• _Supplied material_:
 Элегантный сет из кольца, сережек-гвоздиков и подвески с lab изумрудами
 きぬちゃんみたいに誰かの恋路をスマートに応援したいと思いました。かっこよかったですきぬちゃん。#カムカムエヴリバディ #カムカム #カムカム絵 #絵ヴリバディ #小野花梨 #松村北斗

* * *

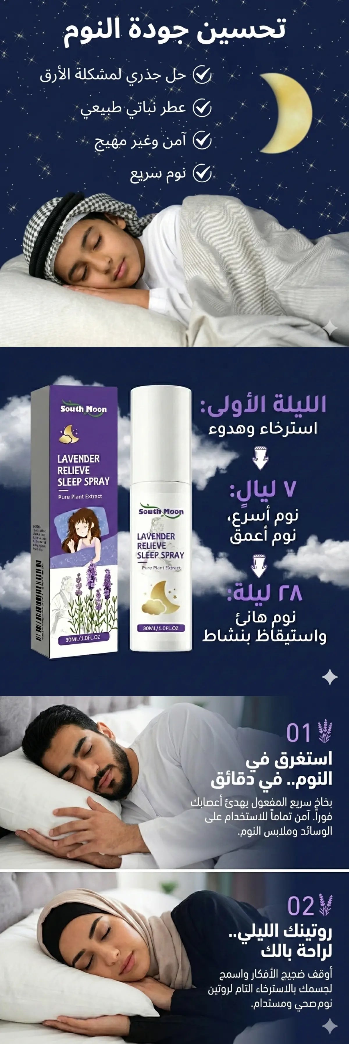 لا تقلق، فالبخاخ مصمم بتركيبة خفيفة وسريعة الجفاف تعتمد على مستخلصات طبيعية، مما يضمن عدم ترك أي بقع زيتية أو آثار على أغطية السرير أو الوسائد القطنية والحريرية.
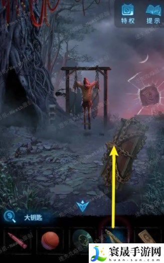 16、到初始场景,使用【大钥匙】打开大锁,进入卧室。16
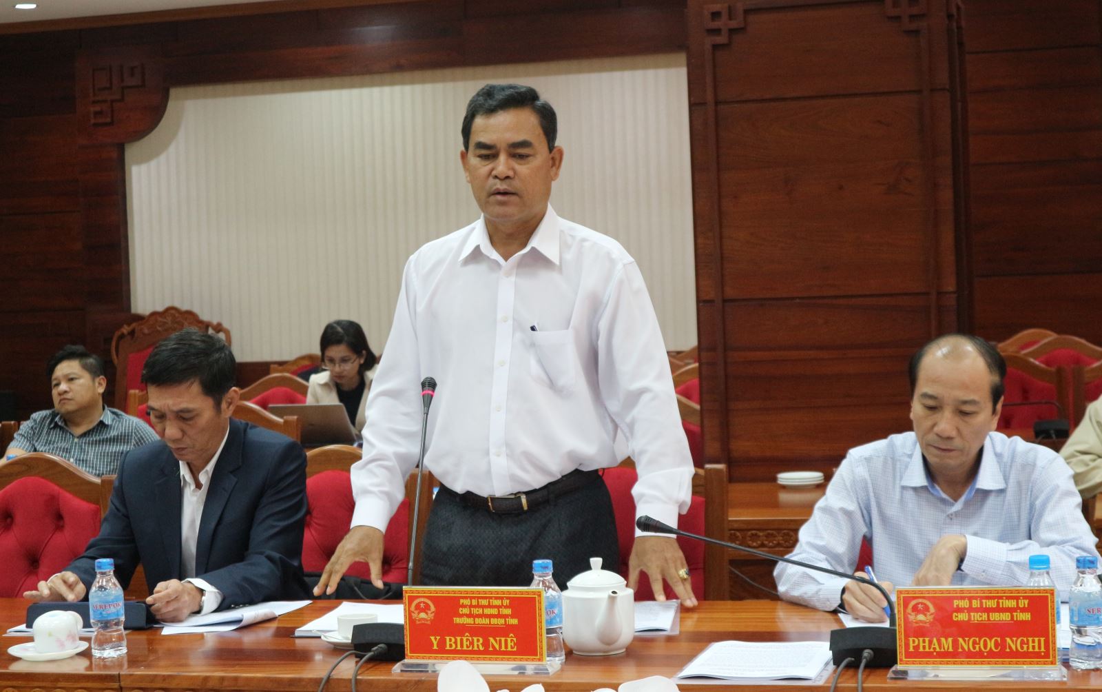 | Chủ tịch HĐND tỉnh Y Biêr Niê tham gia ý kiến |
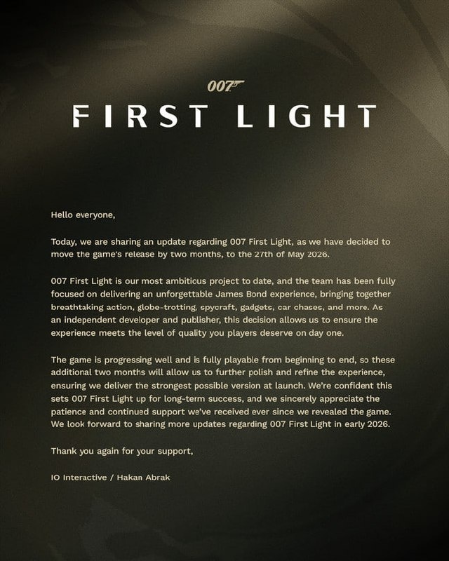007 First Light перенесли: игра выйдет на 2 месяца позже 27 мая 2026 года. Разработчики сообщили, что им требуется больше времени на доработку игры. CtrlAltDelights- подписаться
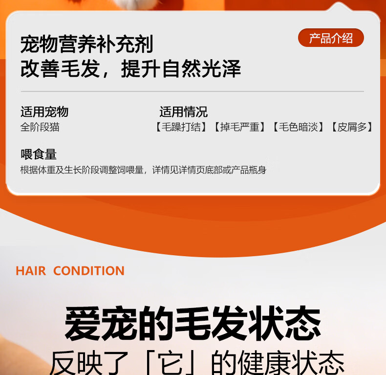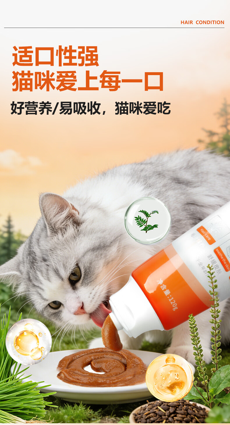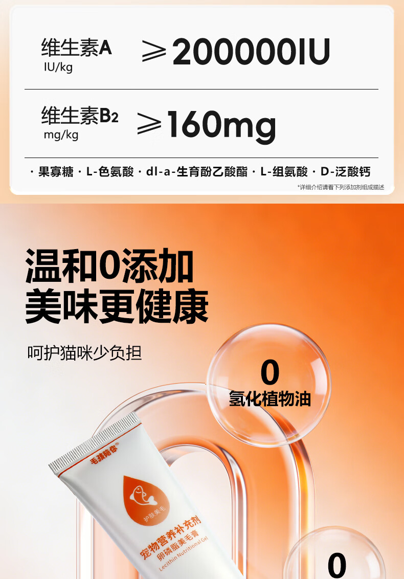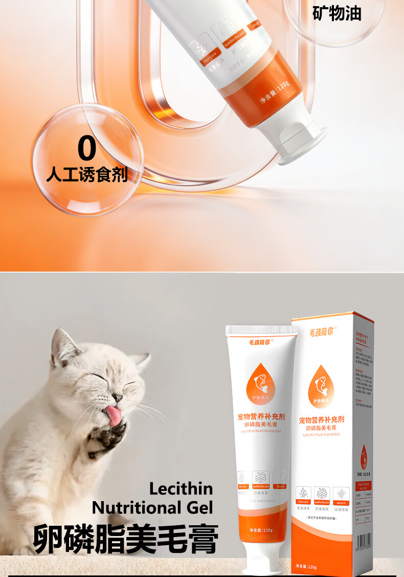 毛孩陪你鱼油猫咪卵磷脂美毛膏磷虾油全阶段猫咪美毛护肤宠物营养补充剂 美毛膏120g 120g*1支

• _Exercise details_: Skip every picture, and restate word for word only the lines above from the line containing "لا تقلق، فالبخاخ" to the line containing "毛孩陪你鱼油猫咪卵磷脂美毛膏磷虾油全阶段猫咪美毛护肤宠物营养补充剂 美毛膏120g 120g*1支", both of them included.

• _Answer to this problem_:
 لا تقلق، فالبخاخ مصمم بتركيبة خفيفة وسريعة الجفاف تعتمد على مستخلصات طبيعية، مما يضمن عدم ترك أي بقع زيتية أو آثار على أغطية السرير أو الوسائد القطنية والحريرية.
 16、到初始场景,使用【大钥匙】打开大锁,进入卧室。16
 | Chủ tịch HĐND tỉnh Y Biêr Niê tham gia ý kiến |
007 First Light перенесли: игра выйдет на 2 месяца позже 27 мая 2026 года. Разработчики сообщили, что им требуется больше времени на доработку игры. CtrlAltDelights- подписаться
 毛孩陪你鱼油猫咪卵磷脂美毛膏磷虾油全阶段猫咪美毛护肤宠物营养补充剂 美毛膏120g 120g*1支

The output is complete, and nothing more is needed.